Nitrous oxide (N2O) emissions response curves for crops grown outside temperate regions have been rare and have thus far arrived at conflicting conclusions. Most studies reporting N2O emissions from tropical cropping systems have examined only one or two nitrogen fertilizer application rate(s) which precludes the possibility of discovering nonlinear changes in emission factors (EF, % of added N converted to N2O-N) with increasing fertilizer-N rates. To examine the relationship between N rates and N2O fluxes in a tropical region, we compared farming practices with three or four N rates for their yield-scaled impacts from three crops in peninsular India.
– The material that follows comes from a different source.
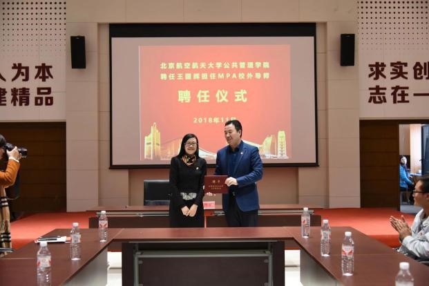 签约仪式结束后,北航公共管理学院聘请北安集团党委书记、副董事长王国辉为MPA校外导师,并由北航人文学院李亚梅书记为王书记颁发聘书。王国辉书记作为我院的杰出校友,多年来为我院发展建言献策,本次聘请他为MPA校外导师,将重点在人才培养和专业实践方面,与学院共同打造具有科研创新能力和专业实践能力的综合性人才。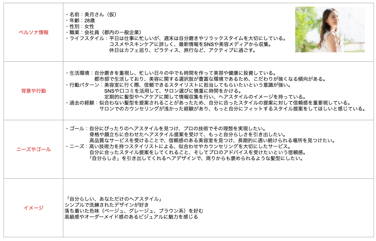 ペルソナの“自分に似合うスタイルを見つけたい”という想いに応え、オーダーメイド感や丁寧な対応を連想してもらえるようにキャッチコピーを付け加えさせていただきました。

We measured N2O fluxes during nine seasons between 2012 and 2015, with N application rates ranging between 0 and 70, 0 and 90, and 0 and 480 kg-N ha-1 for foxtail-millet (Setaria italica L., locally called korra), groundnut (Arachis hypogaea L., also called peanut) and finger-millet (Eleusine coracana L., locally called ragi), respectively. In two cases, the highest N application rate greatly exceeded crop-N needs. Potential climate smart farming agricultural practices (with low/optimized N rates) led to a 50-150% reduction in N2O emissions intensity (per unit yield) along with a reduction of 0.2-0.75 tCO2e ha-1 season­­-1 as compared to high N conventional applications. We found a non-linear increase in N2O flux in response to increasing applied N for both N-fixing and non N-fixing crops and the extent of super-linearity for non N-fixing crops was much higher than what has been reported earlier. If a linear fit is imposed on our datasets, the emission factors (EFs) for finger-millet and groundnut were ~3.5% and ~1.8%, respectively. Our data shows that for low-N tropical cropping systems, even when they have low soil carbon content, increase in N use to levels just above crop needs to enhance productivity might lead to relatively small increase in N2O emissions as compared to the impact of equivalent changes in fertilizer-N use in systems fertilized far beyond crop N needs.